Tama shook his head. “Every time I saw him recently, he was unwell, shaking and pale. You wanted him to get better. That’s not the same as actually healing.”
Three police officers exited Akiko’s home, and one of them turned off the blinking lights in each car, plunging everyone into semi-darkness before the motion sensors outside of the porch clicked on. One policeman, a rounded, barrel-shaped and tall man, approached us, and it took me a full moment to recognize Goro, son of my mom’s best friend, Chiyo.
“Akiko-san, Tama-san.” He nodded to each of them before he caught sight of Mom and me. “Ah, Mei-chan. It’s been at least a year since I last saw you. How are you?”
I inclined forward in a slight bow. “I’m well. How’s your mom and Kumi-chan?” Kumi, Goro’s wife, was a sweet, young woman a year younger than me. I had attended their wedding a few years ago.

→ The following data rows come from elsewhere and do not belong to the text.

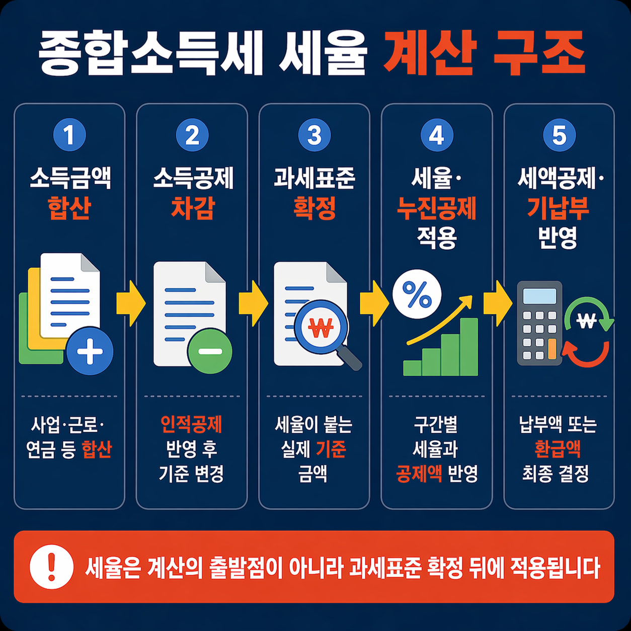- ✔ 계산 흐름은 소득금액 합산 → 소득공제 → 과세표준 → 세율 적용 → 세액공제·기납부세액 반영 순서입니다.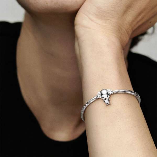 Amado por su infinita devoción a Harry, Dobby el elfo doméstico es fácil de amar, incluso cuando sus mejores intenciones salen mal. Su lealtad y entusiasmo por ayudar a Harry están simbolizados en el amuleto de Harry Potter, Dobby el elfo doméstico al sostener el calcetín de Harry como recuerdo de su libertad y sus grandes ojos ansiosos por complacer en esmalte negro.
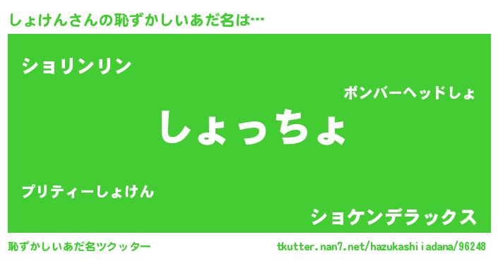 | 意味不明あだ名 | 『しょけんフォーエバー』『自称しょけん』 |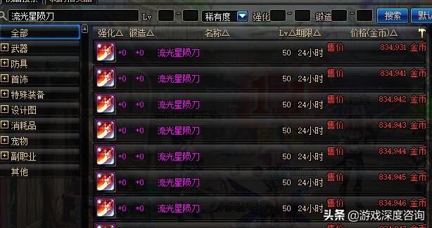 既然出了武器幻化,对于嗅觉灵敏的商人们自然是嗅到了商机,一些好看的武器价格瞬间都翻了一番,比如流光星陨刀前段时间只用30W一把的价格,由于武器幻化的出现一下飙升到100W,价格直接翻了三倍。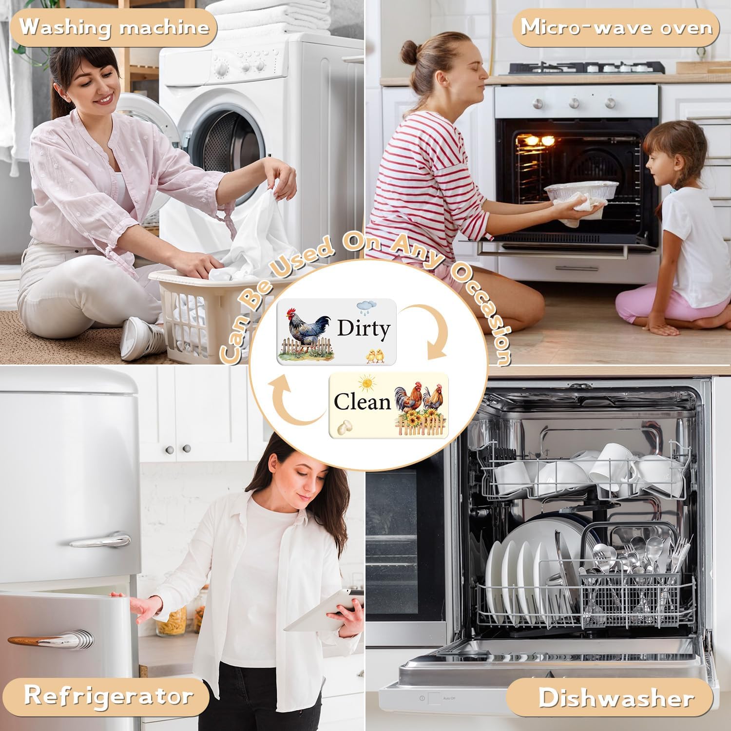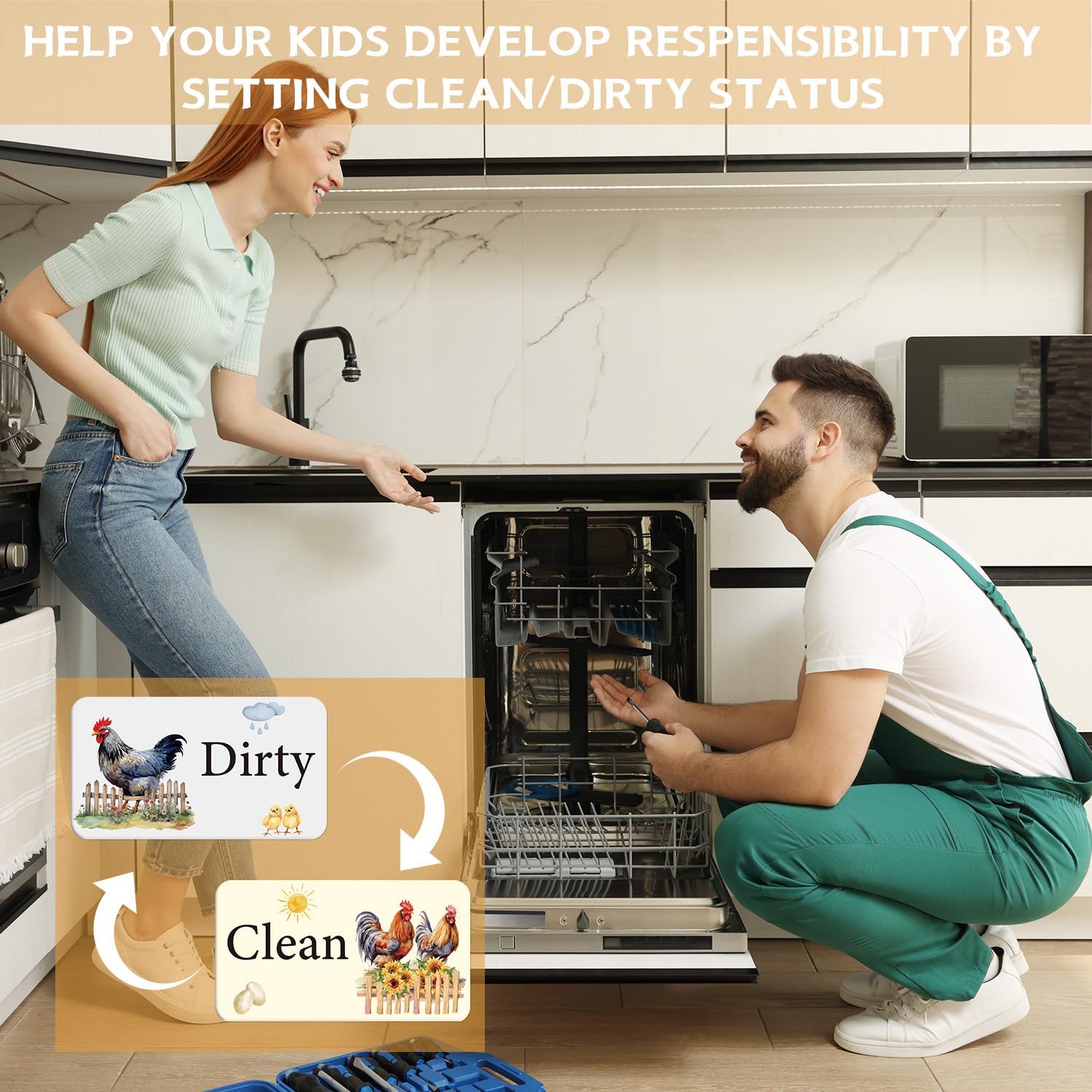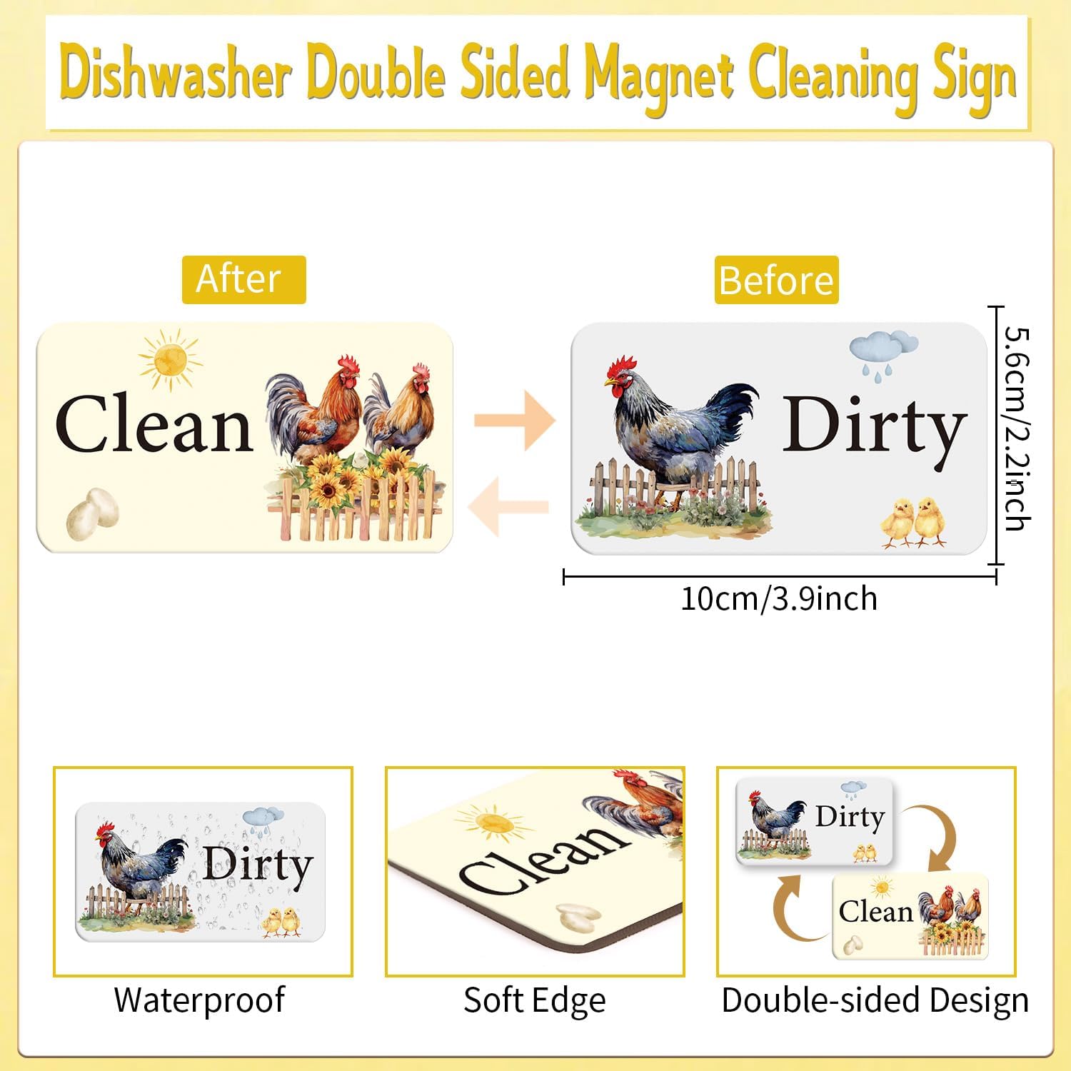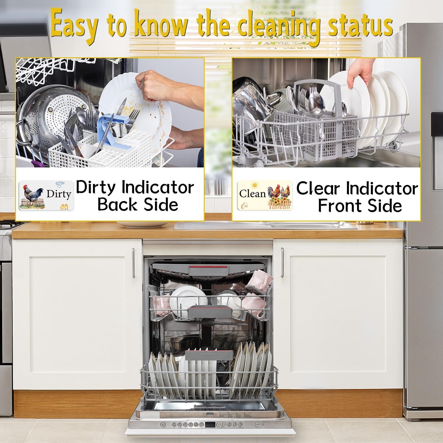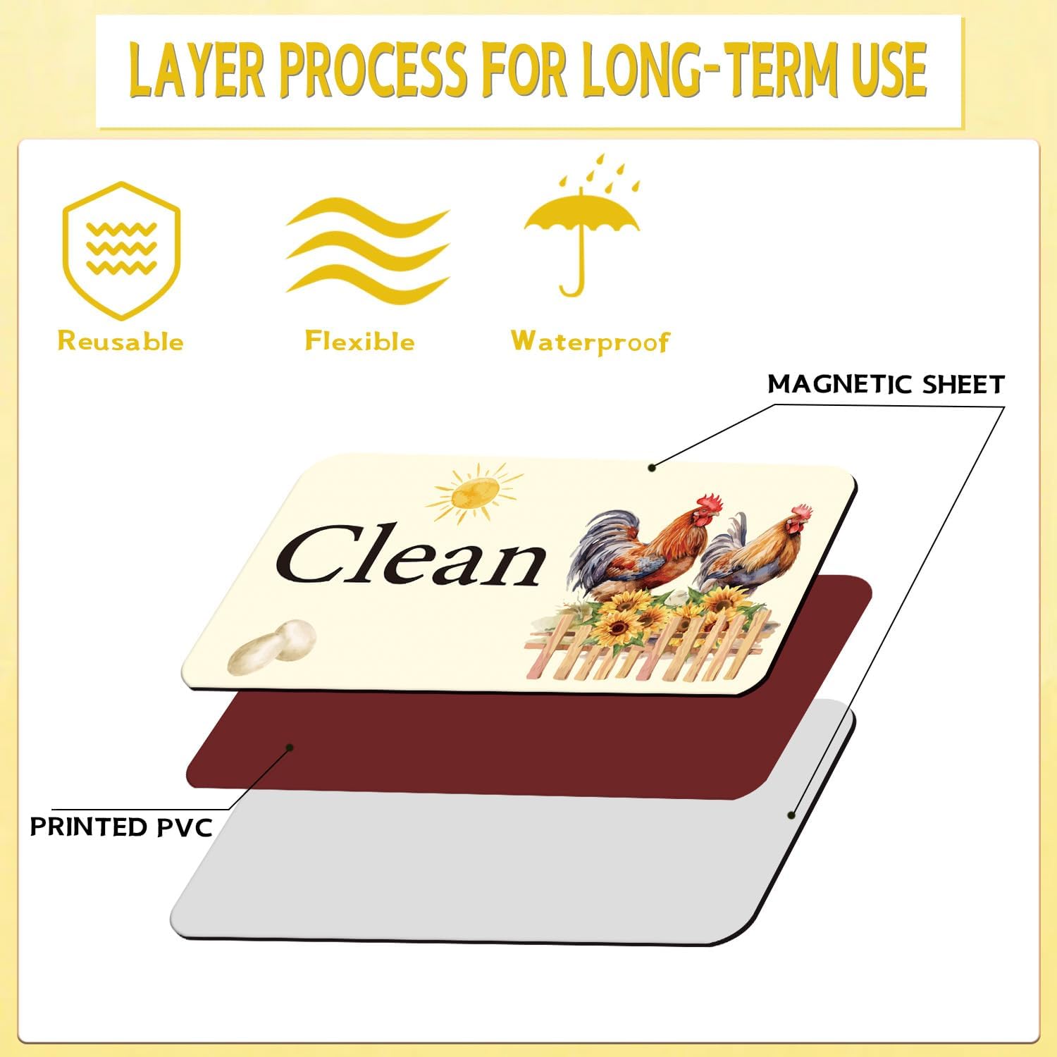 【Cute Design】Our magnetic clean dirty sign has a cute and stylish appearance, including chickens, sunflowers, flowers and other elements, which are vivid and interesting, adding a touch of personality and fashion to your kitchen decoration. There is a “clean” yellow background on one side of the magnet and a “dirty” gray background on the other side. The conspicuous pattern allows you to read easily.

“They’re both well. I’m sure they’d love to see you. Yamagawa-san,” he said, inclining towards my mom, no doubt addressing her formally because his coworkers hovered nearby. He saw her enough to call her Tsukiko-san.
Mom directed her eyes at the house, her hands worrying together. She was friends with Akiko’s father and mother, though they had been a few years older than her. I remembered how upset and depressed she became after Akiko’s mother died. They used to spend their days together when they weren’t working the farm, and Akiko’s mom had been an avid cook, like my mom.

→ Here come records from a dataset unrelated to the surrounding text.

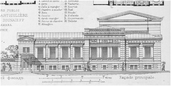 Мы полагаем, что при реконструкции дома Дютель взял за основу проект (в части фасадного решения), выполненный в 1879 г. архитектором Гронвальдом для строительства особняка Дунаева в Самаре (рис. 9). Фасадное решение выполнено в соответствии с проектом в духе стилизаторской архитектуры – неоренессанса. Проект Дютеля был реализован с небольшими изменениями, но гораздо меньшими, чем особняк Дунаева.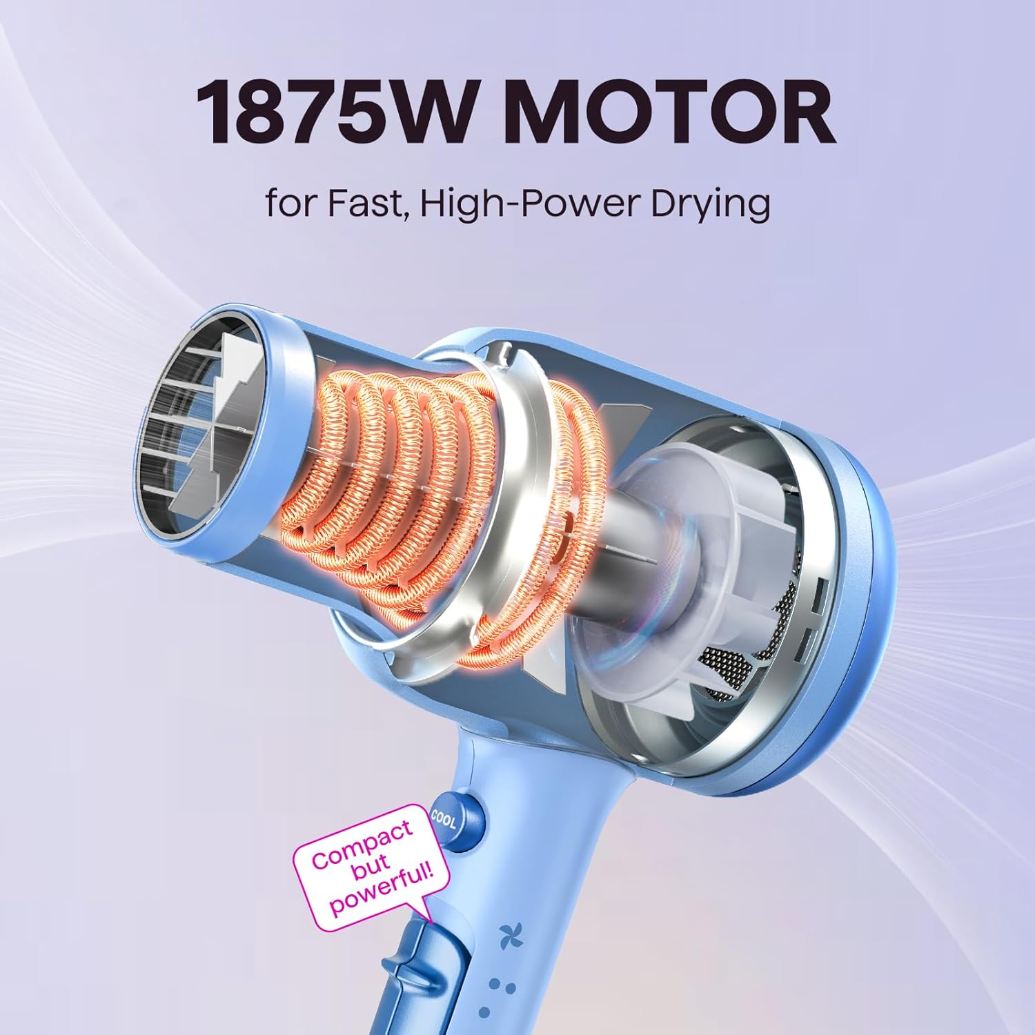 - 2x Faster Drying: Powered by a robust 1875W motor and advanced aerodynamic design, this ionic hair dryer delivers high-speed airflow to dry your hair twice as fast. Spend less time drying, avoid overheating, and minimize damage—all while achieving effortlessly sleek results.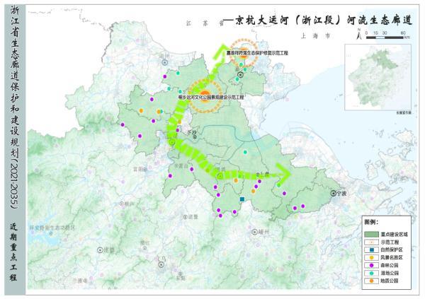 規劃京杭大運河(浙江段)河流生態廊道以充分挖掘歷史文化、提升沿線景觀風貌為主要功能,建設主要涉及杭州上城、拱墅、濱江、蕭山、余杭,寧波海曙、江北、余姚,湖州南潯、德清,嘉興南湖、嘉善、秀洲、海寧、桐鄉,紹興越城、柯橋、上虞等縣(市、區)。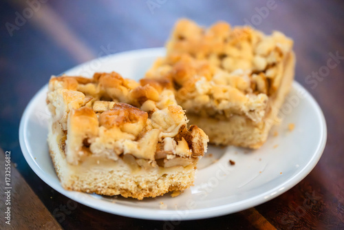 Two golden apple crumble bars rest on a white plate, showcasing layers of spiced apple filling and buttery crumb topping against a dark wooden background.

Goro nodded at Mom and the two acknowledged each other enough to be considered polite. Everyone turned as an ambulance arrived, lights on but sirens muted. “Are you in town this weekend from Tokyo?”
“I… Yes.” I coughed to cover up my lie.
Tama, Akiko’s brother, glanced my way and a warmth flowed over me from head to toe. Tama was an old flame, and his smile still had a magic spell over me. It used to be that Tama and I would sneak out after dark and meet up in the grapes arbor to make out once our parents were asleep. We had dated during my high school years, but then he cheated on me, we attended different colleges, and we hadn’t spoken since. Despite the bad breakup, it never stopped me from being attracted to him. Unfortunately.
This is not the time, Mei.
“We’ll have to take your father in for a postmortem exam, Akiko-san,” Goro said, as Akiko’s head dropped and she began to cry again. I pulled her shoulder to me and squeezed. “But you’ll need to stay here and answer questions for a little while. We just need to double-check everything. It’s standard procedure. I’m sorry for the hassle.” He bowed, polite and yet forceful but empathetic. Law enforcement was a good choice for Goro. He was always good at following the rules.
I squeezed Akiko’s shoulders again and leaned into her ear. “I’ll come by and check on you tomorrow morning. Get some rest tonight.” Releasing her to her brother, I stepped back next to Mom and gave them room.
“This is no good, Mei-chan,” Mom whispered, as she took me by the elbow and directed me back to the car. “The whole town will be crawling through here the next few days. Akiko-chan and Tama-chan will get no peace.”
I opened the door and sank into my seat, pinching the bridge of my nose, my headache resurfacing. “I’m sure it won’t be that bad. I know they were popular and all, but he was an old man. It was expected.”
Mom shook her head. “You don’t know the half of it. Come. Let’s have dinner, and tomorrow I’ll fill you in on everything.”